Война с Польшею под знаменем церкви и веры, война, вытекавшая из событий, памятных русскому сердцу, хотя и не обнятых еще русским умом, пришлась по душе всем сословиям и состояниям. Царская земля, каковы бы ни были органы её чувства и мышления, сознавала важность момента. Томительное чувство недавнего еще бессилия, к которому привел ее иезуитский подкоп под русское престолонаследие, разразилось теперь общею готовностью жертвовать достоянием и жизнью за всенародное дело. В этой готовности вовсе не было того добровольного холопства, которым русские враги объясняют полное согласие народа с его верховною властью.
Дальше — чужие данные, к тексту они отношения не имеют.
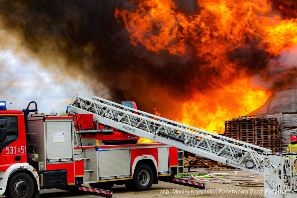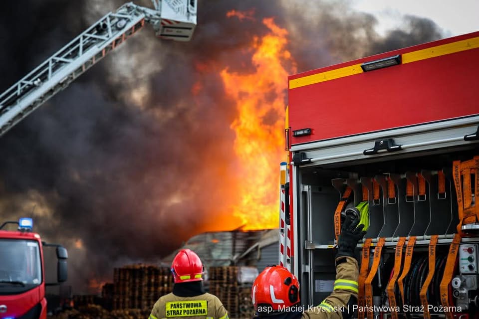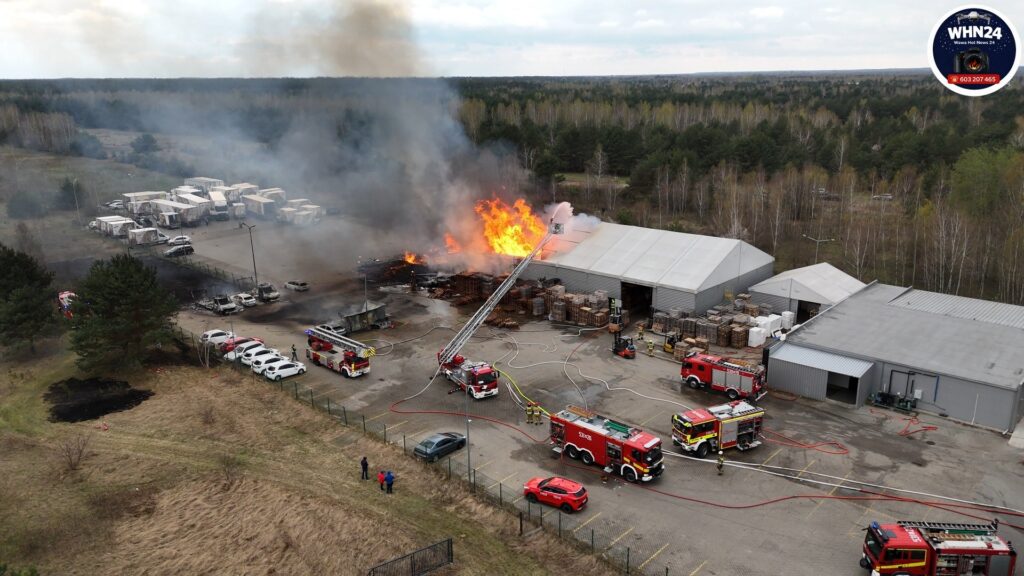 Kilkanaście zastępów straży pożarnej gasi pożar hali magazynowej w miejscowości Łomna w powiecie nowodworskim.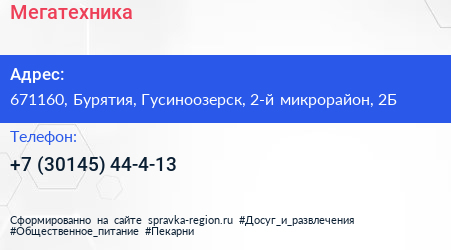 Мегатехника по адресу 671160, Бурятия, Гусиноозерск, 2-й микрорайон, 2Б в дальнейшем Организация, размещена в следующих категориях:

Сравнительно с польскими сеймами, московская Земская Дума представляла сцену скромную, тихую, антилиберальную; но невозможное для Польши единодушие делало эту сцену величественною и по движению сердец, и по предчувствию грядущего величия России. Там в кажущейся свободе выражалось польское бессилие; здесь в кажущейся неволе пребывала русская сила. Там обнаруживалась дряхлость шляхетского равенства; здесь чувствовалась юность общего соподчинения. Там течение политической жизни видимо приходило к своему концу; здесь оно только начиналось, и широким началом пророчило развитие беспредельное. Но самую разительную противоположность между той и другой сценами составляли религиозные знаменатели обеих. В польском правительствующем собрании высшие представители церкви ораторствовали в качестве государственных сановников. В московской Земской Думе, патриарх, окруженный церковным синклитом, возвысил голос только для того, чтобы благословить своего царя и всю его державу на подвиг освобождения древней русской земли от иноземной власти, обещая просить Бога, Пресвятую Богородицу и всех Святых о помощи и одолении.
Так было санкционировано в Москве расторжение хаотически сложившейся польско-русской республики, отделение русского элемента от польского и привлечение к русскому центру новых сил, которые из разрушительных и чужеядных превратились в строительные и производительные.
В критический момент, когда казаки бежали домой, гонимые страхом союза европейцев с азиатцами на их погибель, к ним готовились ехать от царя полномочные послы: боярин Бутурлин, окольничий Алферьев и думный дьяк Лопухин с товарищами, для принятия Малороссии в московское подданство.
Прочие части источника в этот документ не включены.